I hang out in ##crypto in Freenode, and every now and then, someone will ask about the security of multiple encryption, usually with the context that AES could be broken in the near future. When talking about multiple encryption, they are usually referring to cascade encryption which has the form of:
CT = Alg_B(Alg_A(M, key_A), key_B)
The discussion revolves around the differences between "Alg_A" and "Alg_B". Such as using AES for "Alg_A" and Camellia for "Alg_B". Also, the discussion will include whether or not "key_A" and "key_B" should be the same key, or different.
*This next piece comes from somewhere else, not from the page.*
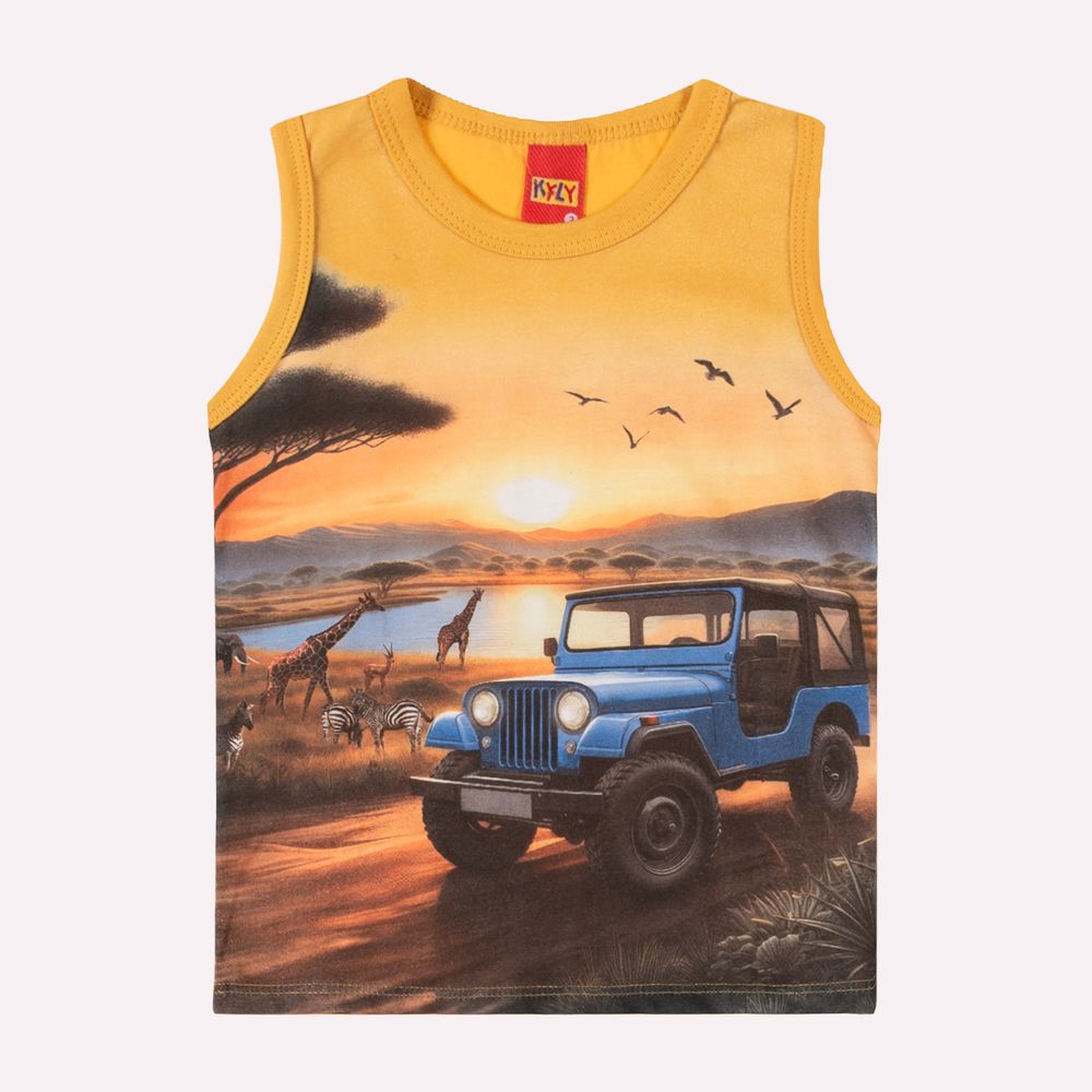 Prepare-se para uma viagem cheia de imaginação com a regata infantil menino Kyly. Confeccionada em meia malha 100% algodão, a peça garante conforto absoluto, toque macio e excelente respirabilidade, ideal para os dias mais quentes. Com uma estampa exclusiva de safári ao entardecer, a regata traz um visual vibrante e inspirador, com um jipe em meio à selva, rodeado por girafas, zebras e elefantes, sob um pôr do sol dourado e majestoso. O cenário selvagem e detalhado estimula a imaginação e convida a criança para aventuras incríveis.

Cascade encryption is more efficient in storage space than some alternatives, such as this one suggested by Bruce Schneier:
CT = Alg_A(OTP, key_A) || Alg_B(XOR(M, OTP), key_B), where OTP is a true one-time pad
I'm not going to go into the theoretical concerns with multiple encryption. However, I would like to cover some practical considerations:
- Multiple key security.
- Long-term storage.
- Complexity.
- Host security.
Multiple key security
It should come as no surprise that when dealing with multiple encryption, that you are going to be dealing with multiple keys, if you choose to keep "key_A" and "key_B" separate. Probably the most difficult aspect of encryption implementations, is keeping the secret key secret. For example, key exchanges between machines over the scary Internet has been notoriously difficult to get correct. Current best practice is implementing authenticated ephemeral elliptic-curve Diffie-Hellman (ECDHE) when communicating secret symmetric keys between machines. So, not only do you need to communicate one key, but multiple keys when encrypting and decrypting data.
If the multiple-encrypted data is to be stored on disk, then keys will need to be retrieved for later. How are these stored? This isn't an easy question to answer. If you store them in a password manager, they are likely just getting single-encrypted, probably with AES. So, the security of your ciphertext rests on the security of your stored keys, likely protected by the very algorithm you are trying to safe-guard.
Now, you could use the same key for every encryption layer. But, this poses a theoretical concern (which I promised I wouldn't cover- sorry). If the same key is used for every layer, then if an attacker can recover the key through cryptanalysis of the first encryption layer, then the attacker could possibly decrypt all remaining layers. Obviously, you don't want to use ciphers where the decryption process is exactly the same as the encryption process. Otherwise, the second encryption process on the ciphertext would decrypt the first encryption! While not probable, this last scenario could even occur with different algorithms, such as AES and Camellia. So, it seems at least at a cursory glance, that using the same key for all encryption layers probably is not a wise idea. So, we're back to key management, which is the bane of cryptographers everywhere.
Long-term storage
In my opinion, a larger problem is that of storage. It's one thing to get multiple encryption correct and safe on the wire, it's another to place value on long-term data storage. Think about it for a second- what is the longest you have kept data on the same drive? In personal scenarios, I have some friends that have had personal backups for up to five years. To me, this is impressive. It's likely more common that data switches drives every couple of years. RAID arrays die, hardware is replaced, higher drive capacity is demanded, or even bit rot creeps in, destroying data (such as on magnetic or optical mediums). When push comes to shove, the encrypted data is just going to move from drive-to-drive. But, ask yourself this next question- what is the oldest data you have in your possession right now?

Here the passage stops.